I love Hostas: the way they lie in wait, dormant under the soil, then spring from the ground, leaping towards a majestic, arching form! I love their huge, glossy leaves; their myriad shades of colour and their end of season spiky, floral finale! Unfortunately for both me and the Hostas, the slugs absolutely love them too!
Seeing a beautiful Hosta ravaged and devoured by the slug brigade almost puts me off growing Hostas. I considered digging them up and binning them such was my heartbreak at their enviable fate but compared to the joy they bring me, I decided to take arms against the slug invader and defend my beautiful Hostas. I now take a 4-pronged line of defence.
The first line of defence is to dig over the soil in Spring and to take out any little white eggs that emerges as the soil turn.

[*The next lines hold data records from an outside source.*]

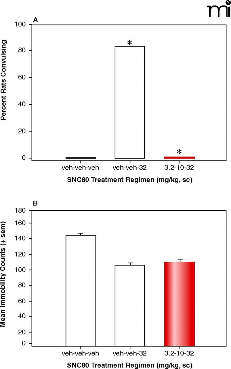 The effects of increasing doses of the delta-opioid agonist SNC80 on convulsions and antidepressant-like effects in the forced swim test. A single dose of 32 mg/kg SNC80 produced convulsions in 83% of rats (A); however, following once daily administration of increasing SNC80 doses, convulsions were absent, but the decrease in immobility in the forced swim test (i.e., the antidepressant-like effects) remained unchanged. Statistical analysis was described in Figure 1 legend. Data were adapted from (37). veh, vehicle; sc, subcutaneous.
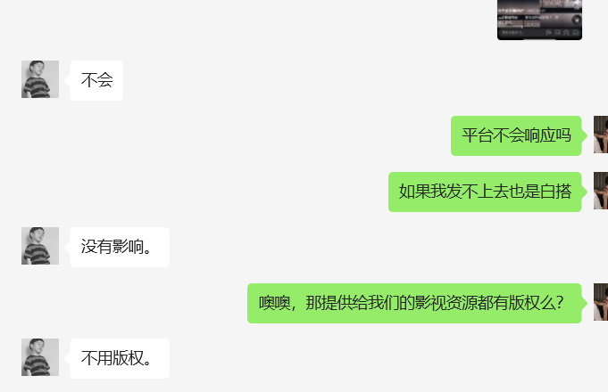 实际上,当询问收徒教学博主提供的影视素材是否有版权时,大部分博主都直言“没有版权”“不需要版权”,但可以通过剪辑、配音解说等方式来规避审核风险。
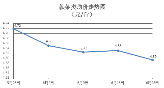 蔬菜类商品价格普遍下降。所监测的32 种蔬菜商品价格波动情况为6涨22跌4平,综合零售均价为每斤4.59元,环比下降0.80%。其中:涨幅居前的品种包括西洋菜、苦瓜、菠菜,零售均价分别为每斤4.90元、5.11元、5.66元,环比分别上涨9.87%、3.23%、1.98%;跌幅靠前的品种包括西红柿、花菜、丝瓜,零售均价分别为每斤4.36元、4.67元、4.79元,环比分别下降4.60%、3.91%、3.61%。
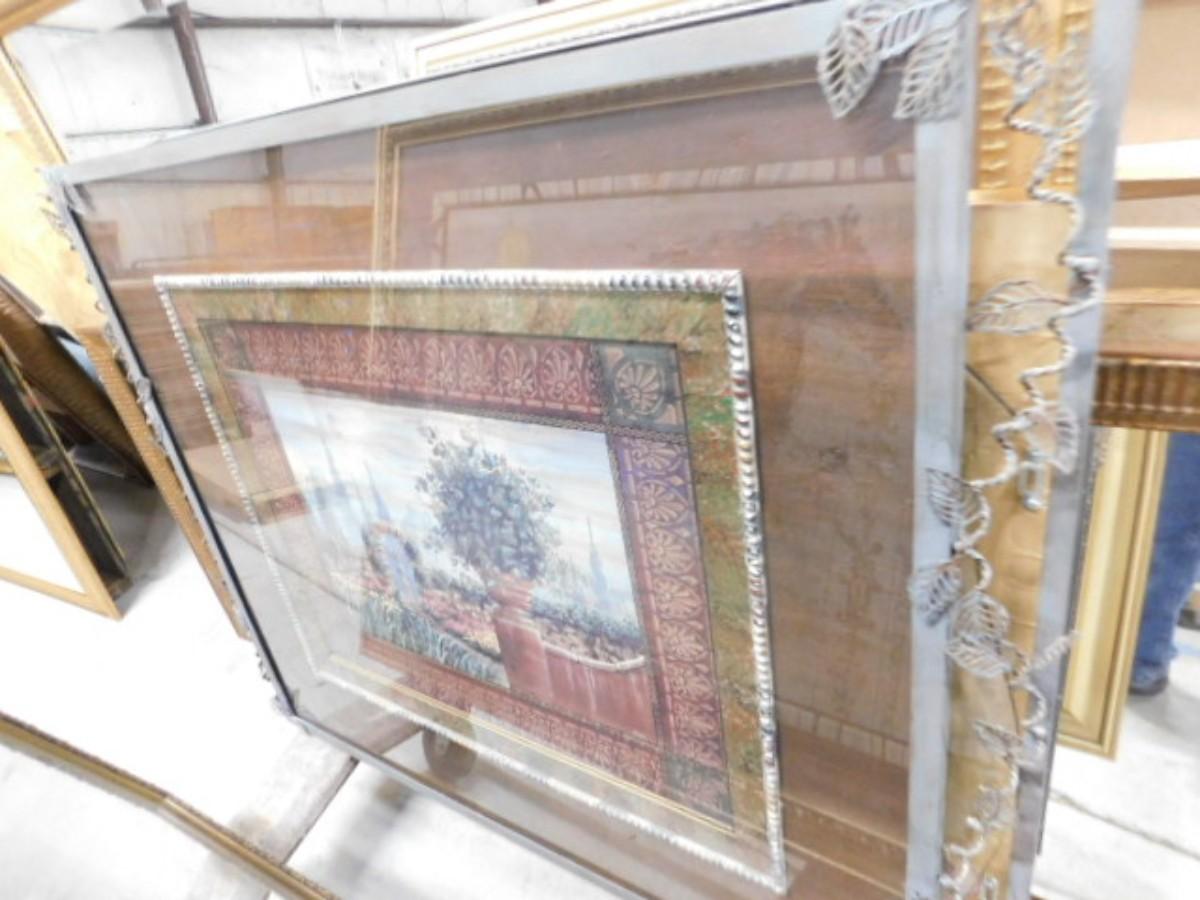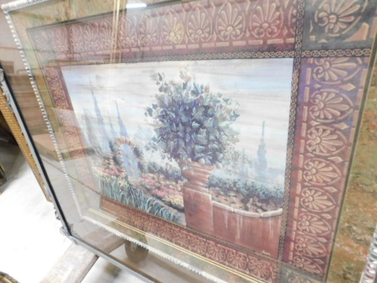 John Richard Metal Wrought Frame with Leaf Design English Garden Print in Decorative Relief Matting Choice B. Expect some wear or scratches to the finish. Shipping option available via freight or local mover at Buyer's expense. Buyer must have all shipping scheduled within the stated dates and times of pickup. Recommended local mover is Beaty Bros. Moving 828-201-2982
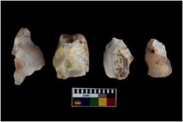 | Description / विवरण | There are n 4 of utilized worked cores and show irregular scar pattern on both dorsal and ventral side. Two have a broken tip. |
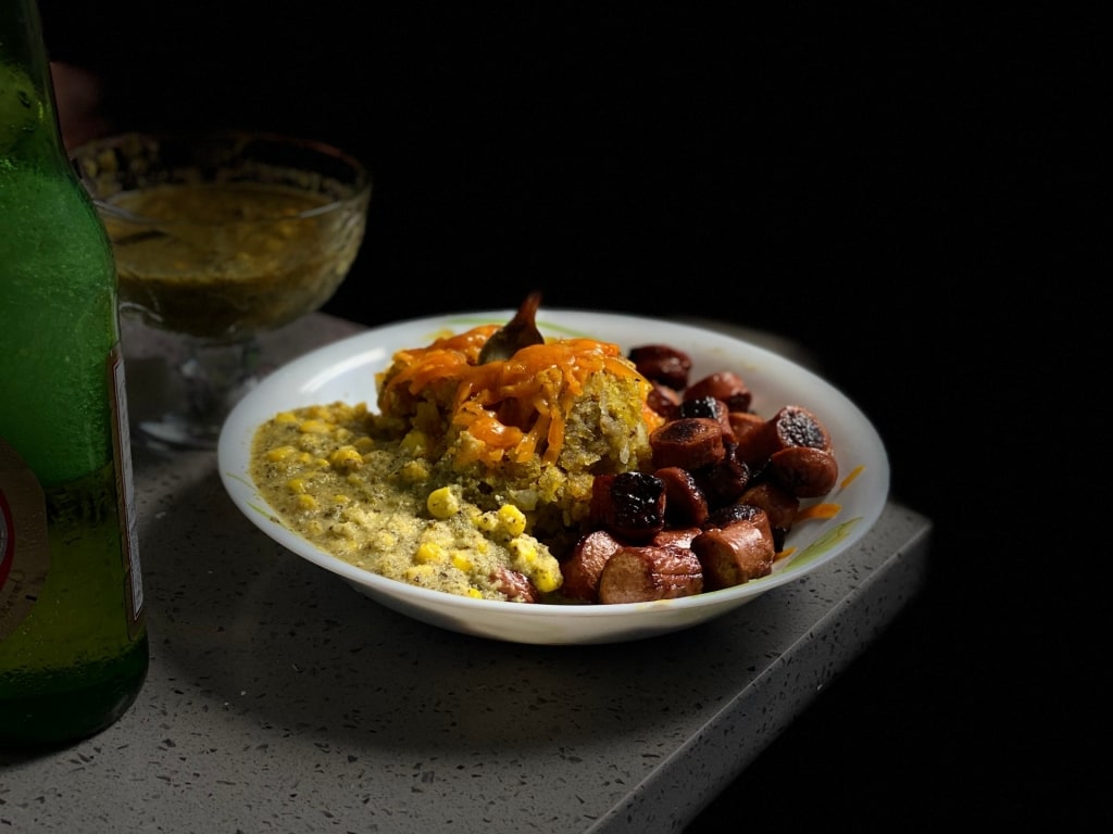 Along with fish, pork, and chicken are popular meat choices. Pudding & souse is steamed sweet potato (pudding) with spiced pork sausage (souse), making for a lovely set of contrasts.

Even if I can only find a few, it is an effective start.
The second strategy in the slug attack plan involves watering nematodes (more info coming soon on how to do this) into the soil. This is a time-consuming task but the process adds tiny microbes to the soil which work by attacking the slugs underground. It lasts for around 6 weeks but I figure if you get it on early enough in the Spring, it will reduce the multiplying slug army.

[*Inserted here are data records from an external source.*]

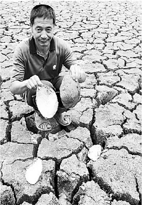 龟裂的大地,如同一张张渴得冒烟的嘴,种在地里的水稻、玉米,一切的绿色枯萎了。
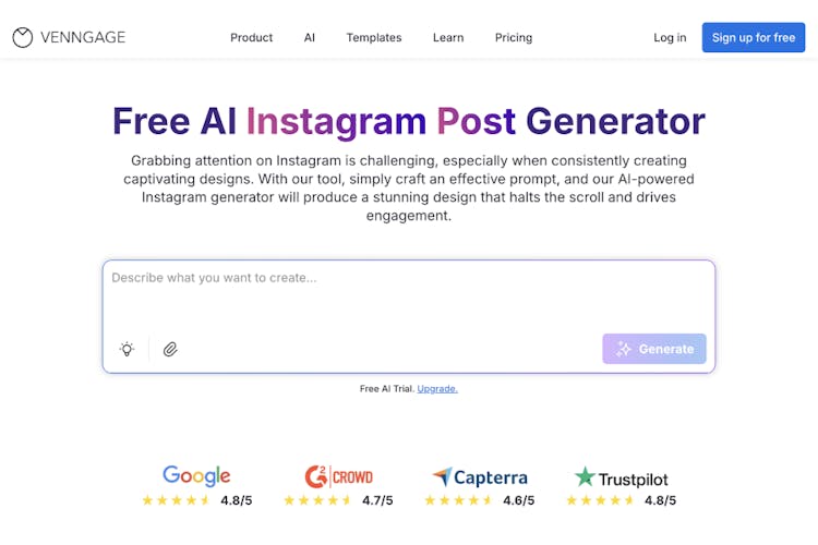 The AI Instagram Post Generator helps marketers, creators, and businesses design high-quality Instagram visuals quickly and consistently. Built with Venngage’s trusted design system and AI capabilities, it simplifies social media creation by combining smart content suggestions with professional design templates—no design experience required.
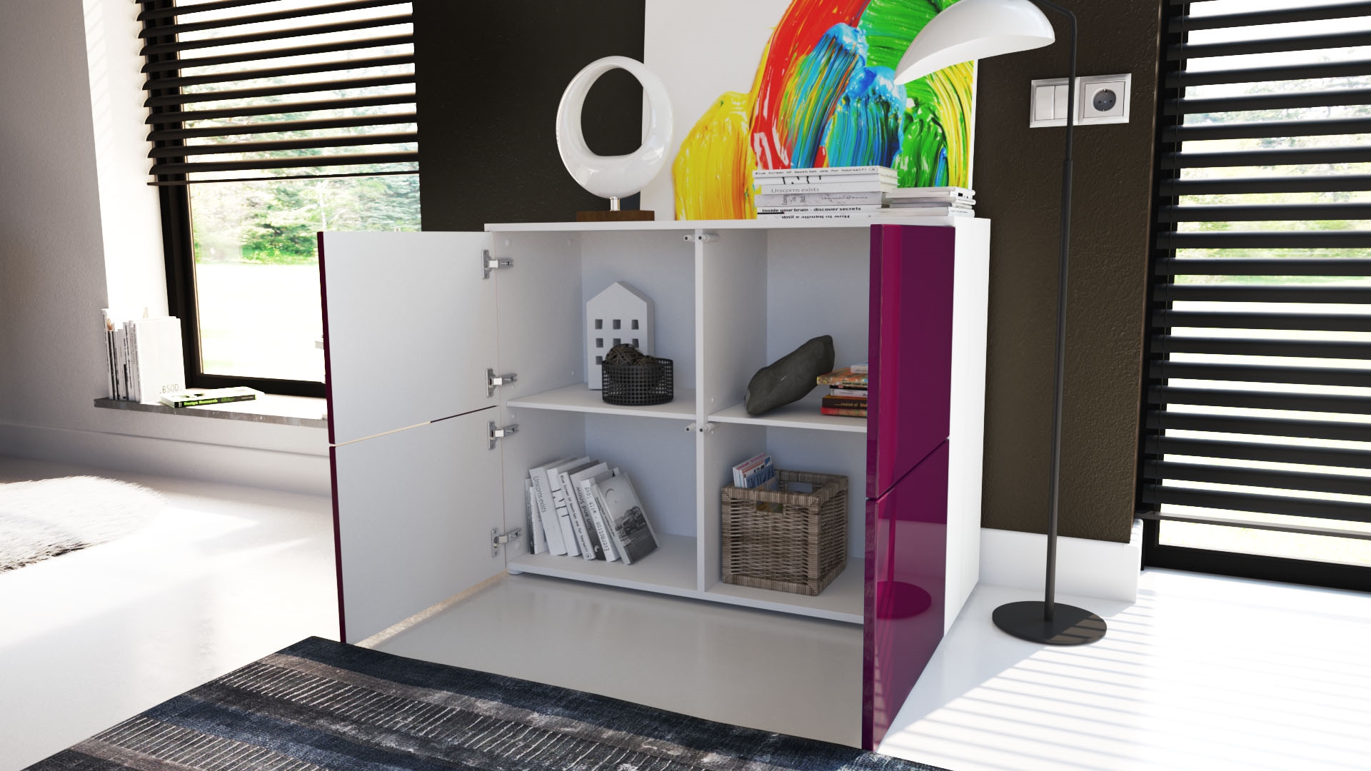 Durch das schlichte, moderne Design lässt sich die Kommode mit vielen verschiedenen Einrichtungsstilen kombinieren und sowohl als Wohnzimmerschrank, Kommode im Schlafzimmer oder als TV-Sideboard einsetzen. Für eine besondere Eleganz sorgen die Fronten der Kommode, erhältlich in vielen verschiedenen Farbvarianten, die Ihnen eine Vielzahl an Kombinationsmöglichkeiten bieten. Durch die Oberflächenbeschichtung erhalten Sie ein besonders pflegeleichtes Produkt. Für die Reinigung können Sie auf Chemie verzichten - es reicht ein leicht angefeuchtetes Tuch, um die wasserfeste Oberfläche angemessen zu reinigen.
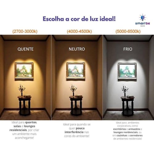 - temperatura de cor: branco quente(3000k) e branco frio(6500k)

Thirdly, I scatter crushed eggshells around the base of the Hostas – this is supposed to be an uncomfortable surface for slugs to crawl over. I save eggshells from every egg used in our house all Winter so there’s a good supply there ready to form a slug barrier. We get our eggs locally from a friend who keeps chickens and as the eggshells eventually degrade into the ground, it adds a little, local, organic matter back into the soil.

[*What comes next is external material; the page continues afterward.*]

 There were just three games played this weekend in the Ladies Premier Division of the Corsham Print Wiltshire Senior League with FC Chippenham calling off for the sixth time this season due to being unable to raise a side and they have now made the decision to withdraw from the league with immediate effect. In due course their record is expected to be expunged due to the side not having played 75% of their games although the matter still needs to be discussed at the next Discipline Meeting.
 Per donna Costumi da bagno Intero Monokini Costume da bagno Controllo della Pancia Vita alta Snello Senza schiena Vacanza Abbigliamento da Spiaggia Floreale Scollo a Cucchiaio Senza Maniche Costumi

And finally, I sink little beer traps into the soil filled with stale beer – you know the bits left in the bottom of the can or bottle. These work appaently as the slug is attracted to the smell of the beer and dives into their own little pub, only to drown in the good stuff- some would say that was a pretty good way to go!
Whether any of these methods work individually well, or even in combination against the Hosta invaders, they make me feel like at least I’m in the fight for the Hosta! And by way of accolade, last year’s Hostas were utterly majestic in form!